I don't love everything about me, but when I look in the mirror and feel like I look good, I look at myself with a lot of admiration. I can often look past what I don't like about me if I'm feeling good enough about myself.
I compare myself to others a lot. Others who I feel are better than me. But I do it in a way that's like "I want to be like them and I'm not like them right now and that sucks but maybe I will be." I wasn't always like that. I did always look at other people, and I did always compare myself to them, but I never had an inner dialogue of hope. It was always "I want to be like them and I'm not like them and that really sucks." This is almost always based on how they look.
I have my share of insecurities, physical and non-physical. I don't like my nose. I'm deeply insecure about my voice. And I think I move pretty awkwardly. Regarding my personality, I think pretty highly of myself. I think I'm a great person and other people seem to tell me the same thing. I feel like not that many people have disliked me throughout my life, and I think that says something. Regarding my looks, it varies on how I feel.

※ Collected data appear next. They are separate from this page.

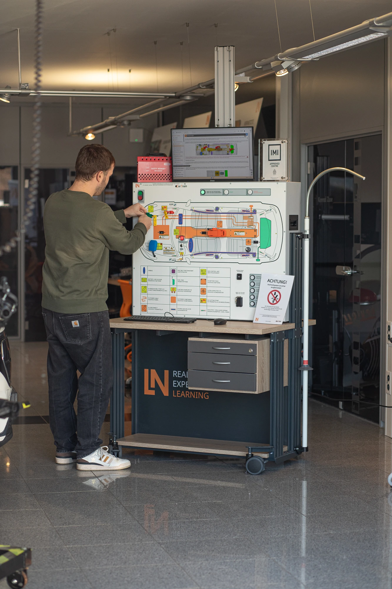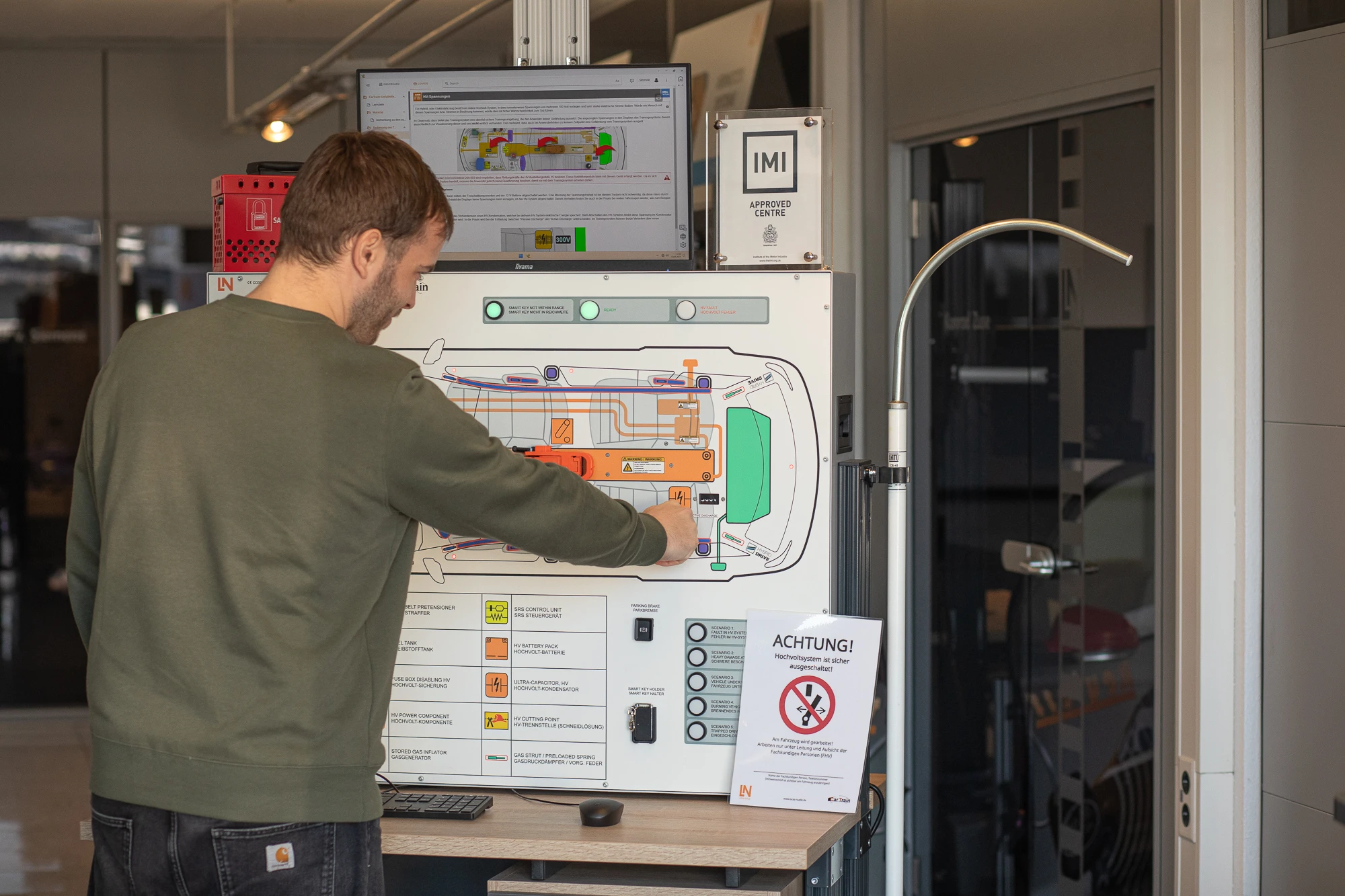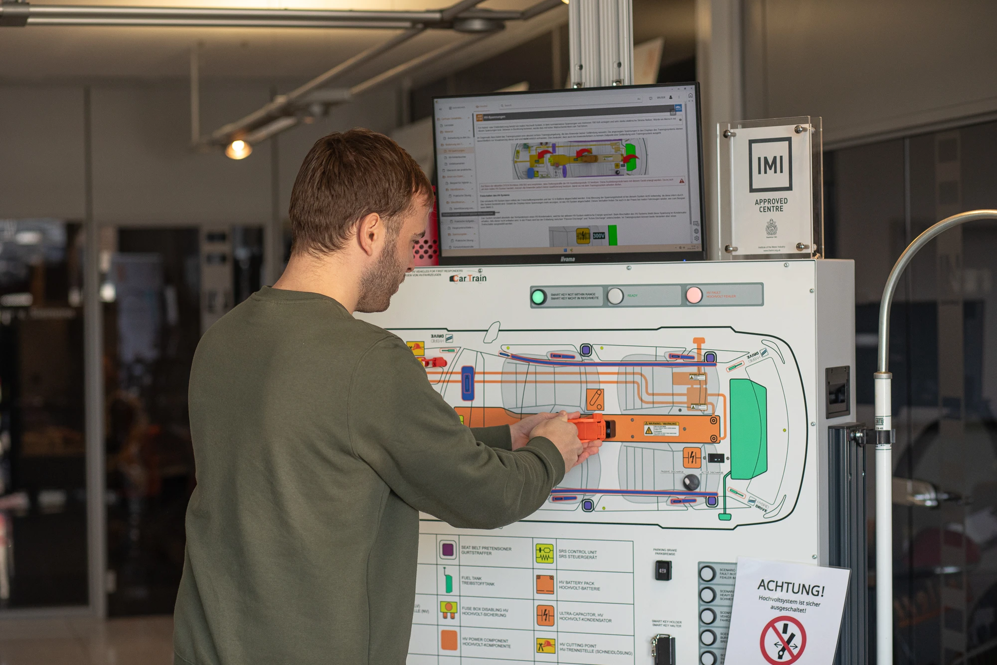 Anhand realistischer, schaltbarer Unfallszenarien erlernen Einsatz- und Rettungskräfte das korrekte Vorgehen. Das System vermittelt gezielt die notwendigen Kompetenzen, um Hochvolt-Gefahren am Unfallort sicher zu erkennen, das Fahrzeug zu deaktivieren und die Rettung korrekt durchzuführen.
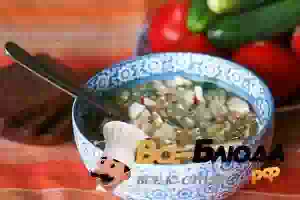 4. Залить все холодным квасом и приправить сметаной. Окрошка с колбасой готова.
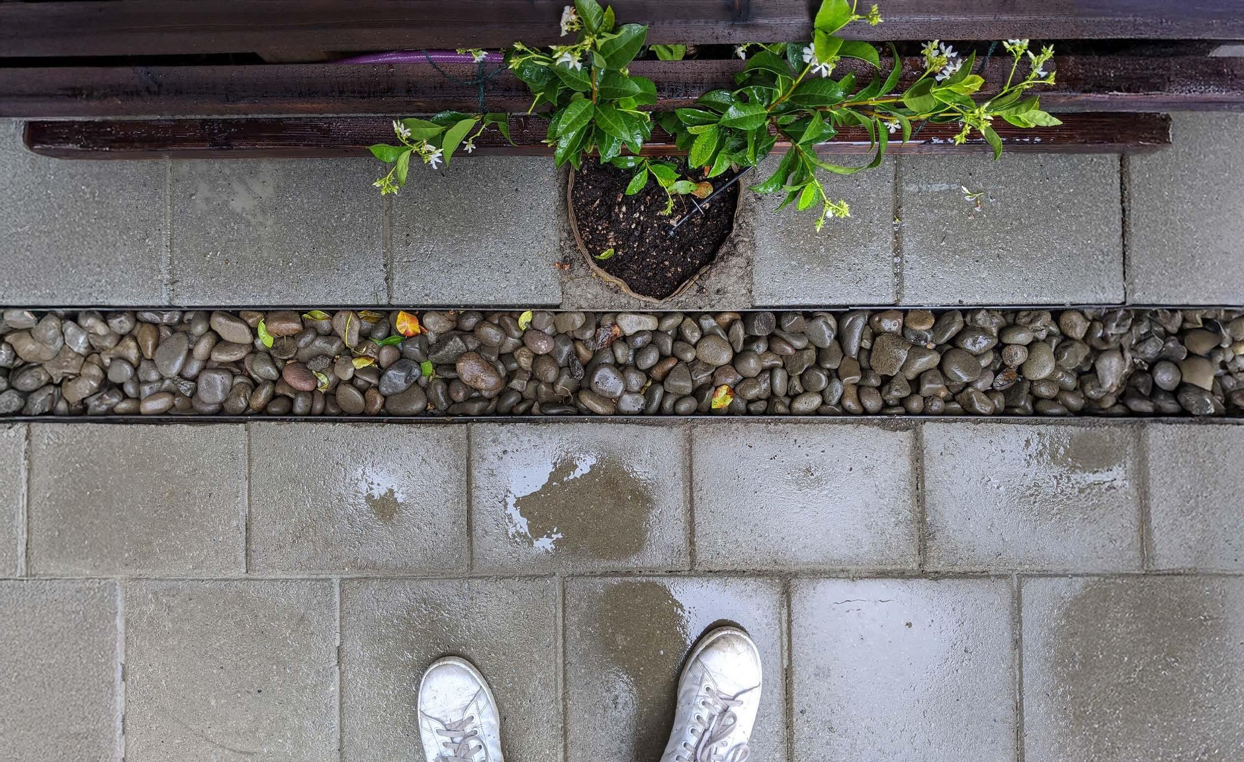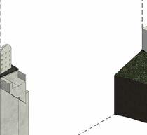 WAFFLE-SLAB RIB & CONCRETE PLANTER, MOISTURE GUIDED THROUGH WEEP HOLE ON BOTTOM. REBAR FOR ILLUSTRATION PURPOSES CONCRETE COLUMN, REBAR FOR ILLUSTRATION PURPOSES
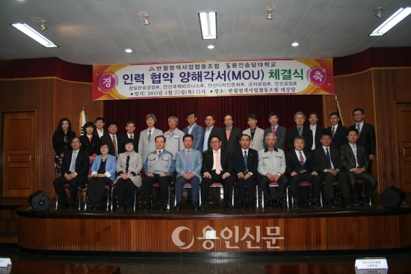 지난 25일 반월염색조합 대강당에서는 용인송담대학교(총장 최성식)와 반월염색조합 및 안산 5개 고등학교 간 염색 기술인 양성을 위한 양해각서 체결식이 있었다.
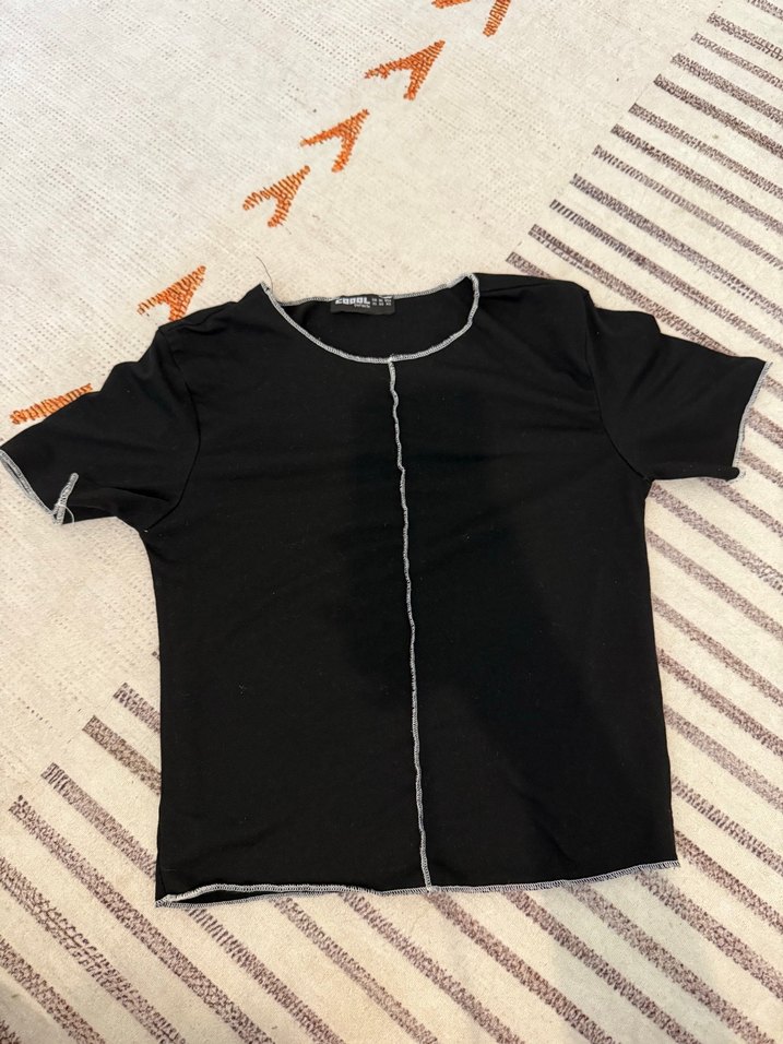 Siyah, kısa kollu, viskon kumaştan kadın tişörtü. Dar kesim ve yuvarlak yaka ile günlük rahat stil sunar, kontrast dikiş detayları bulunur.
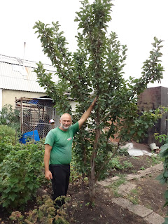На фотографии садовод-опытник из пермского края Сергей Иванович Беклимышев с урожаем сезона 2012 года, о чем свидетельствует дата. На заднем плане колоновидные яблони. Как видите, с неплохим урожаем. Да! А какой урожай на столе? Чудо!
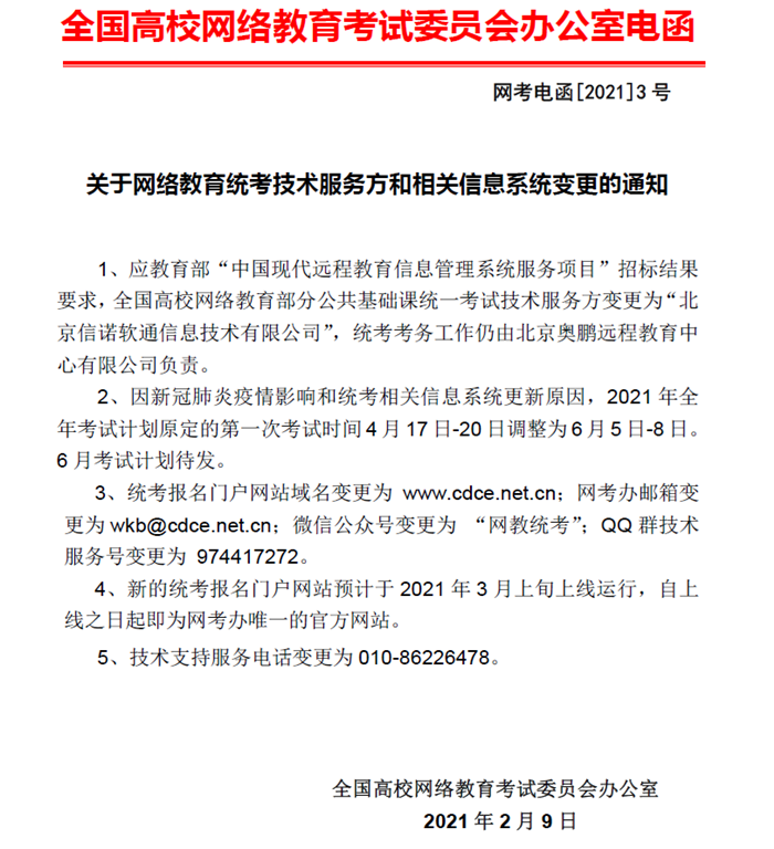 现将网考办《关于网络教育统考技术服务方和相关信息系统变更的通知》 网考电函

If everything is in place, then I feel great about myself.
It really just depends on my mood. No matter what, if I'm feeling lousy on any given day, I won't feel very good about myself no matter if I look good or not. But more often than not, how I feel about myself is almost always dictated by how I feel I look. Because I sort of feel like with my life experiences and my personality and my values and my beliefs, I'm a pretty awesome person.